Domestically, tourism increased by 25.3 percent in 2023 when domestic entries to Uganda Wildlife Conservation Education Centre (Uwec) grew by 27 percent in 2023 from 480,858 in 2022 to a record 611,758 in 2023. 

“In all, domestic entries into the selected tourist attraction sites rose by 25.3 percent from 890,802 in 2022 to 1,115,169 visitors in 2023,” the report notes. 

The sector internally generated Shs105.3b against a set target of Shs92.8b in the 2022/2023 financial.

This translated into a 113 percent performance, which the ministry attributed to the higher-than-projected rate of recovery of Uganda’s tourism, especially for the activities in protected areas.  

What is being done to remedy the situation?
The Uganda Wildlife Authority remains the largest contributor to the success story, accounting for 93 percent of all collections.

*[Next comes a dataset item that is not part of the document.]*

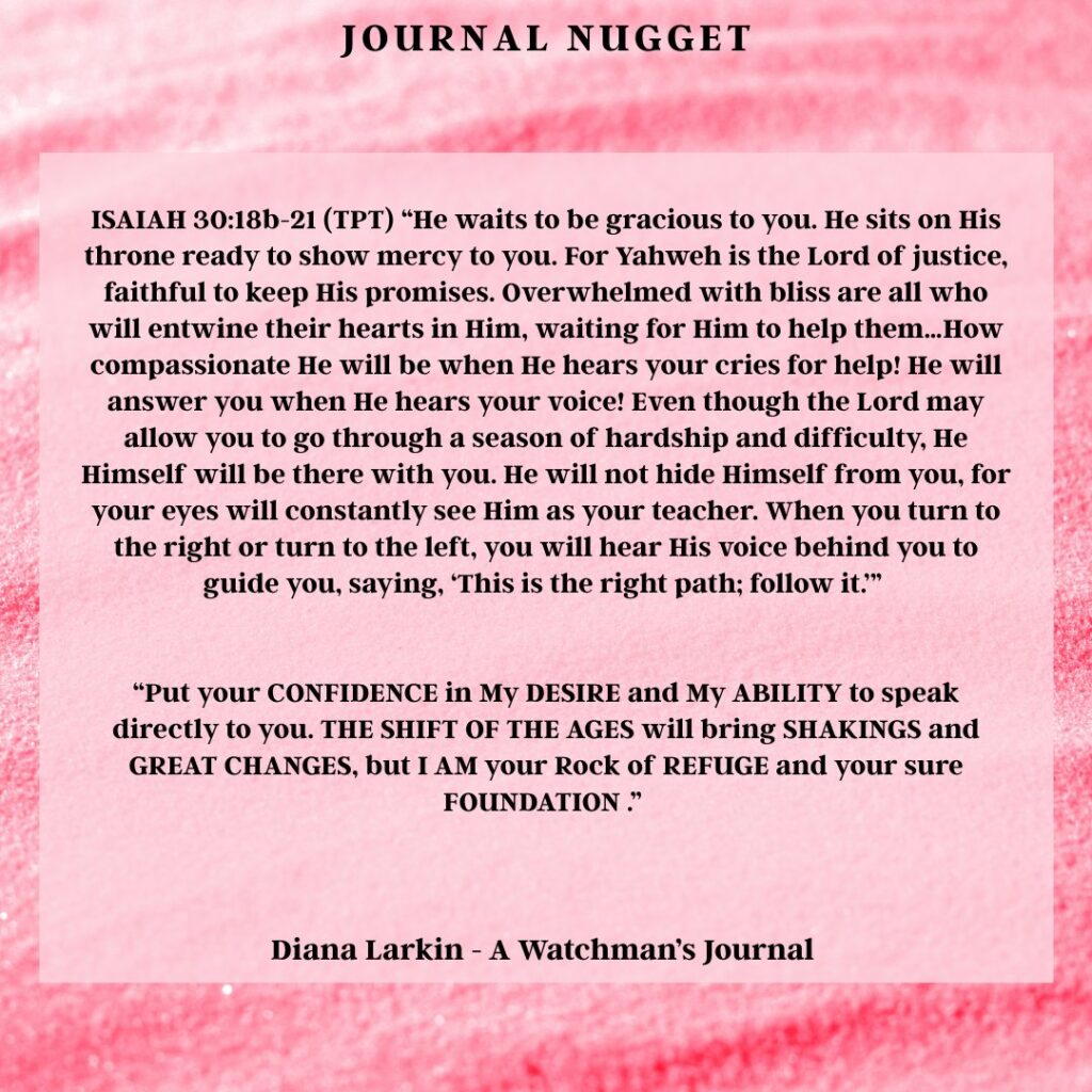 I prepared you to be bold and speak the truth. Even if that means sharing your testimony. It means standing firm against the kingdom of darkness and not hiding. Be bold and courageous. I am behind you and fighting for you. You have questions. Ask them. You have worries so bring them to me. I gave you your heart’s desires. I did this to give you the desires of your heart. Fear no evil as you walk through the valley of the shadow of death. There are those who went through the red, or reed sea. They walk with water walls, and it was a valley of the shadow of death. Yet, what happened was I brought them through on dry ground. Do not be disconcerted. I am with you and chose you to walk this path to fight this battle because others were unwilling.

This notwithstanding, while gorilla permit sales increased by 59 percent; they still trailed the 2019 record by two percent. 

Specifically, 38,836 gorilla permits were sold in 2023. This represented a 59 percent increase in permit sales recorded in 2022.  

“Gorilla permit sales increased by an average 33 percent between 2019 and 2023 to align closer to 2019 sales, especially from mid to late in the year,” the report says. 

Over the years, the country’s gorilla population has increased from 302 in the early 2000s to 459 in 2022 per a recent gorilla census. Lions, on the other hand, have sharply declined “due to retaliatory killing as a result of human-wildlife conflicts.” They dropped to 275 in 2023 from a peak of 493.

Despite the increased sales of gorilla permits, Auditor General John Muwanga, in his 2023 audit, tasked the Tourism ministry to urgently fix the security glitches in the ticketing system to enable effective systems and controls for the identification, receipt, collection and safeguarding its financial resources.

The audit also observed that the permits extended to tourists tracking gorillas lacked security features that could deter fraudsters.